We carry the spark of divinity within ourselves, and we need to take care not to smother that spark by piling too many worldly things on top of it. A spark needs oxygen to stay alight, and oxygen means space. There must be some space retained around sacred things. Just a little bit is enough. We can still behold. We can still touch. We can still partake. But we must not tell ourselves it’s just another place to hang our clothes.

Is it a sin to put a Taylor Swift T-shirt (or a soccer shirt or an American flag) on Jesus? I don’t know. I like Taylor Swift, and it did not escape my attention that the shirt in question is the one Swift wears in her music video for “You Belong With Me.” If someone happens to look up and see the statue of Christ, and the words “You belong to me” pop into their head, then that’s a good thing. It is also a good thing that tens of thousands of dollars were raised to feed the crowds during the church’s World Day for the Poor.

But the more I think about it, the more clear-cut the issue becomes.

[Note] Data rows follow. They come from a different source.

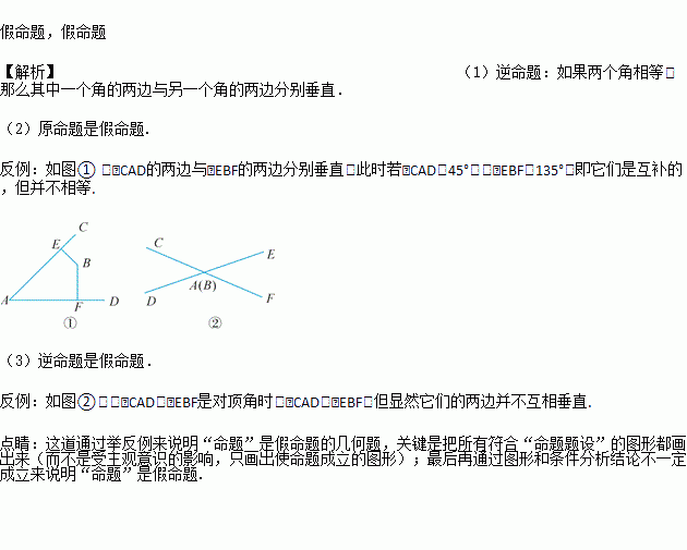 写出命题“如果一个角的两边与另一个角的两边分别垂直,那么这两个角相等”的逆命题,并判断原命题和逆命题的真假.若是假命题,请举出反例.
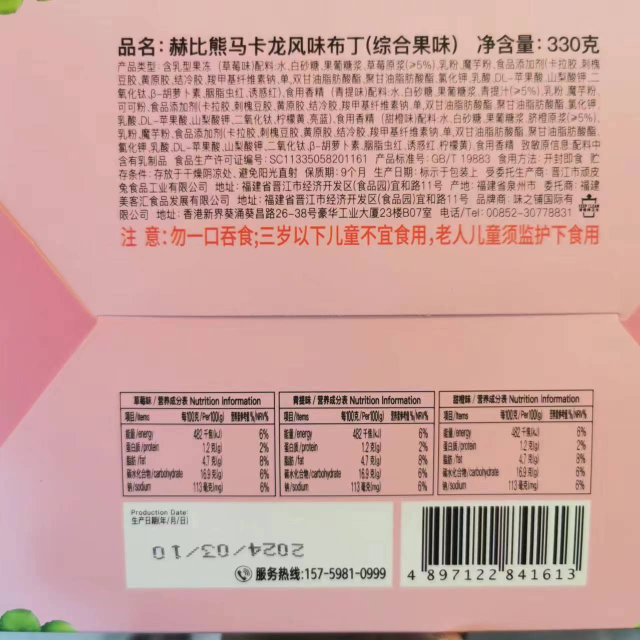 Hebi 곰 마카롱 맛 푸딩 6 개 박스 OKQ 젤리 330g 선물 상자 선물 선물 선물
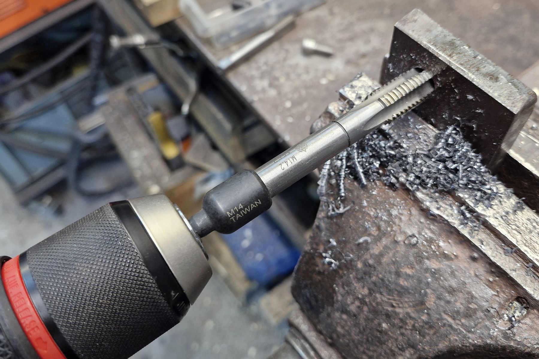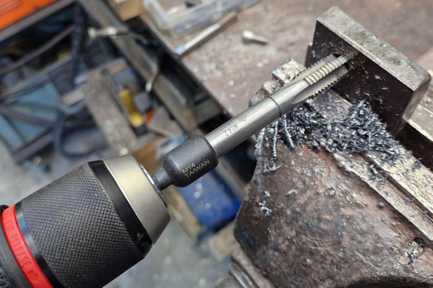 М12 нарезается без проблем, а с метчиком М14 уже не хватает крутящего момента на низких оборотах (либо срабатывает защита по току АКБ).
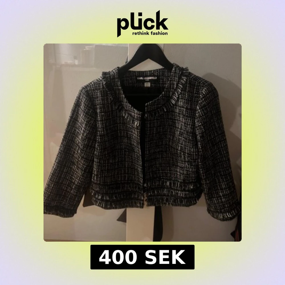 Elegant svartvit kavaj från Karl Lagerfeld med ett klassiskt rutigt mönster. Kavajen har en chic, croppad design med dekorativa fransdetaljer vid kragen och nederkanten. Perfekt för en stilfull look.
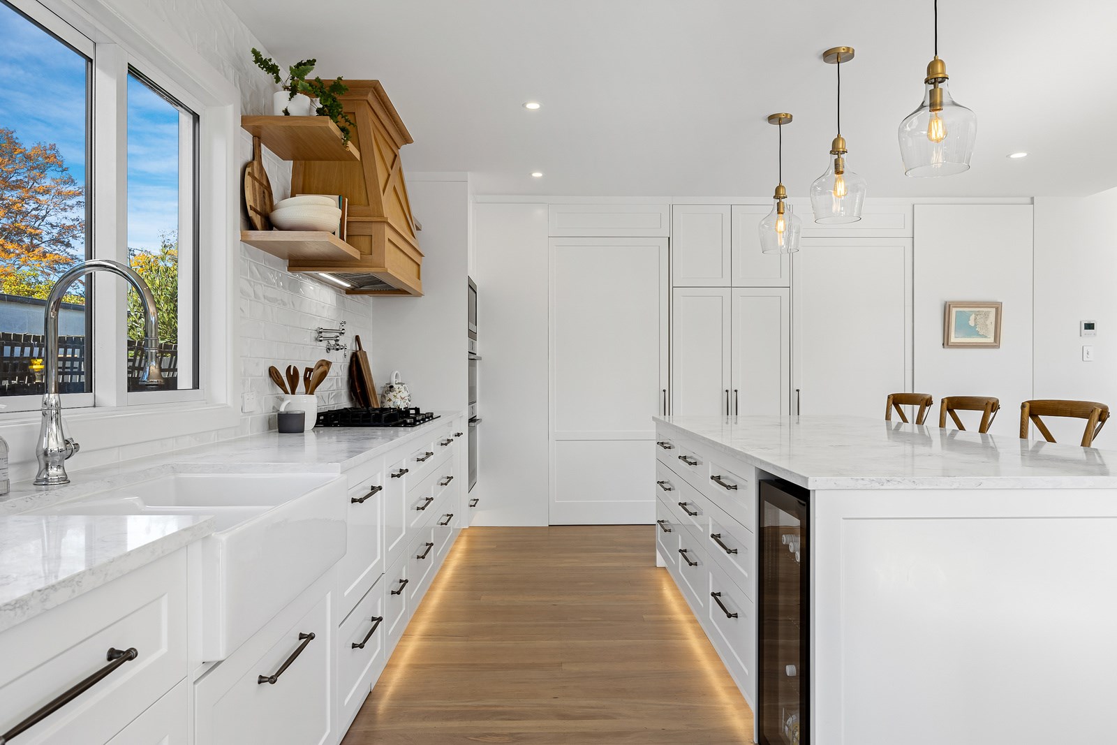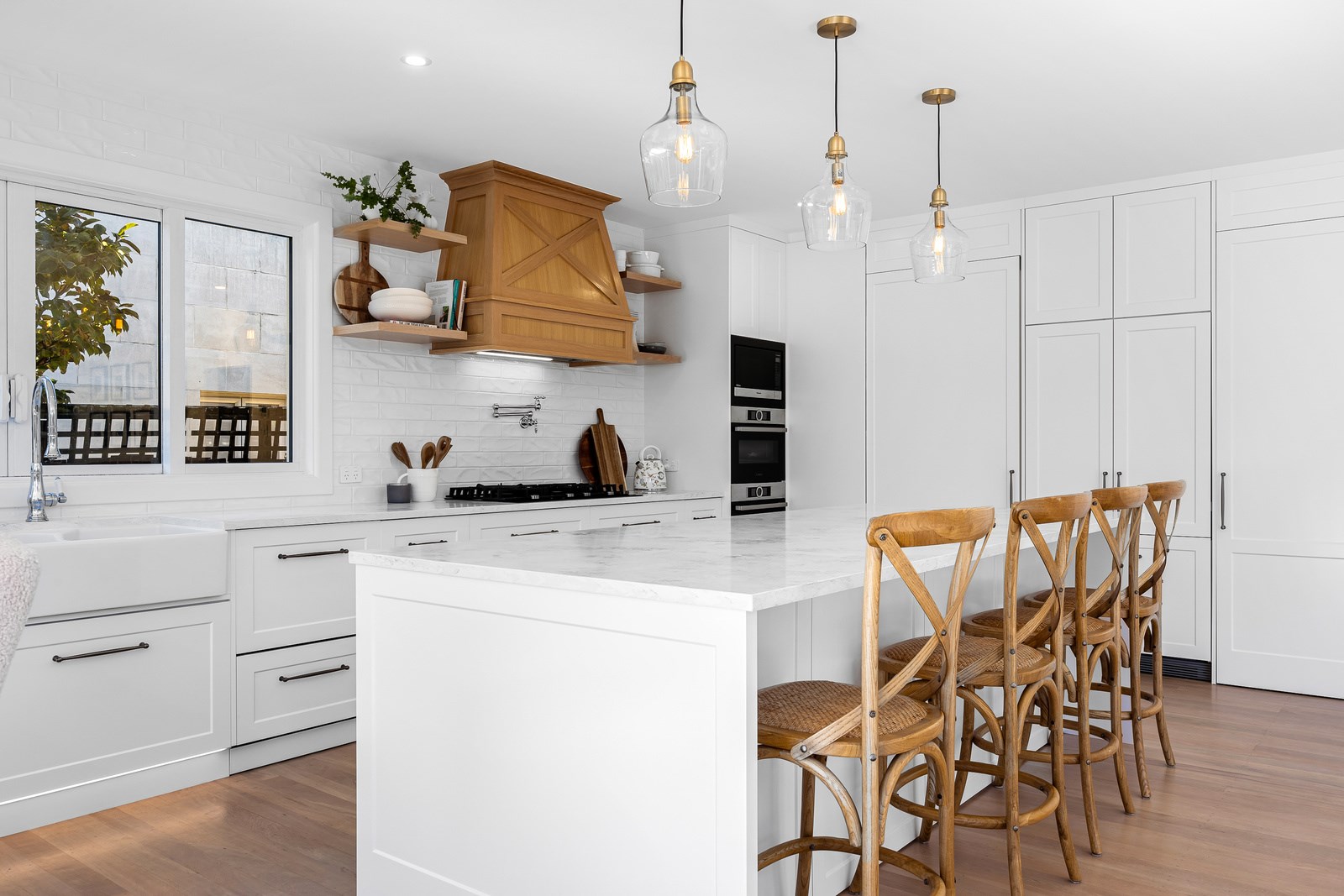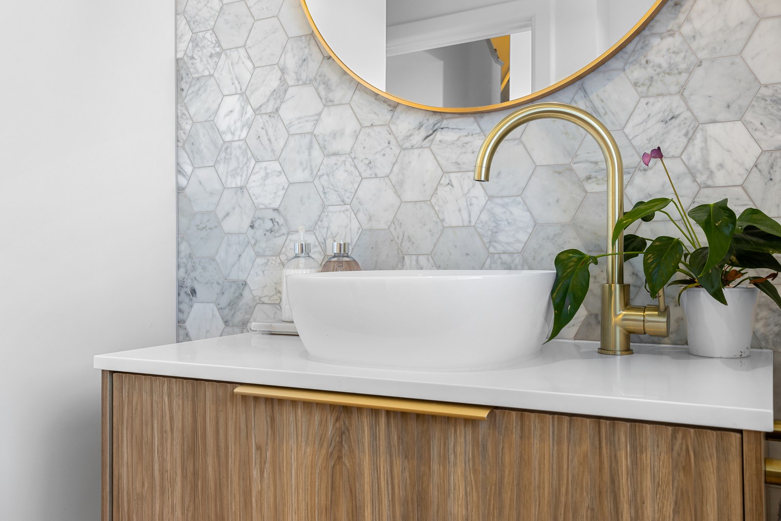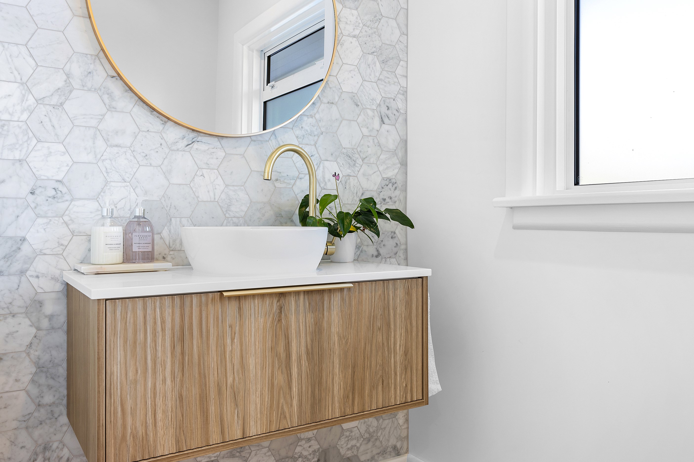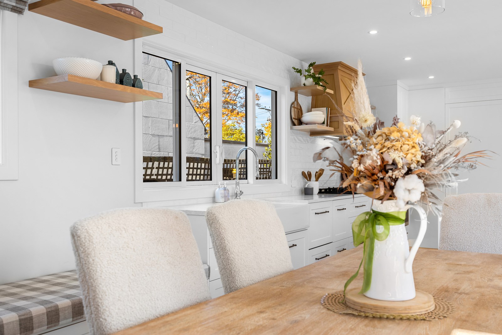 Bespoke joinery throughout the completely redone kitchen, walk-in pantry, laundry and powder room (which is now accessed from the entrance hall rather than the kitchen), has fittingly been designed in heritage style. A new back door was included in the redesign to allow access from the laundry to the garden. Rimu tongue-and-groove flooring throughout blends seamlessly with the existing floorboards while new windows and three large ranch sliders were installed onto an extended and refinished kwila deck. The cherry on top for the owners of this exquisite renovation was the removal of a load-bearing wall that worked to allow the two original garages to become one.

The reason we owe some form of care and respect for marriage, for children, for the elderly, for the marginalized, for sexuality, for human bodies is because these things are images of God. We owe them some kind of reverence because they are made by God to be good and because the incarnation imbued humanity with the divine.

The statue is perhaps rare in that it is obviously an image of God. We don’t have to use our imaginations and remind ourselves, “This thing that doesn’t look at all like God is actually an image of God.” It’s literally a statue of Jesus. Some things are sacred, and this means they should be treated differently from other things. When we do not bother to observe the distinction, we are robbing ourselves of the very thing that keeps us alive. A loss of the sense of sacred is a loss that no one, rich or poor, can bear.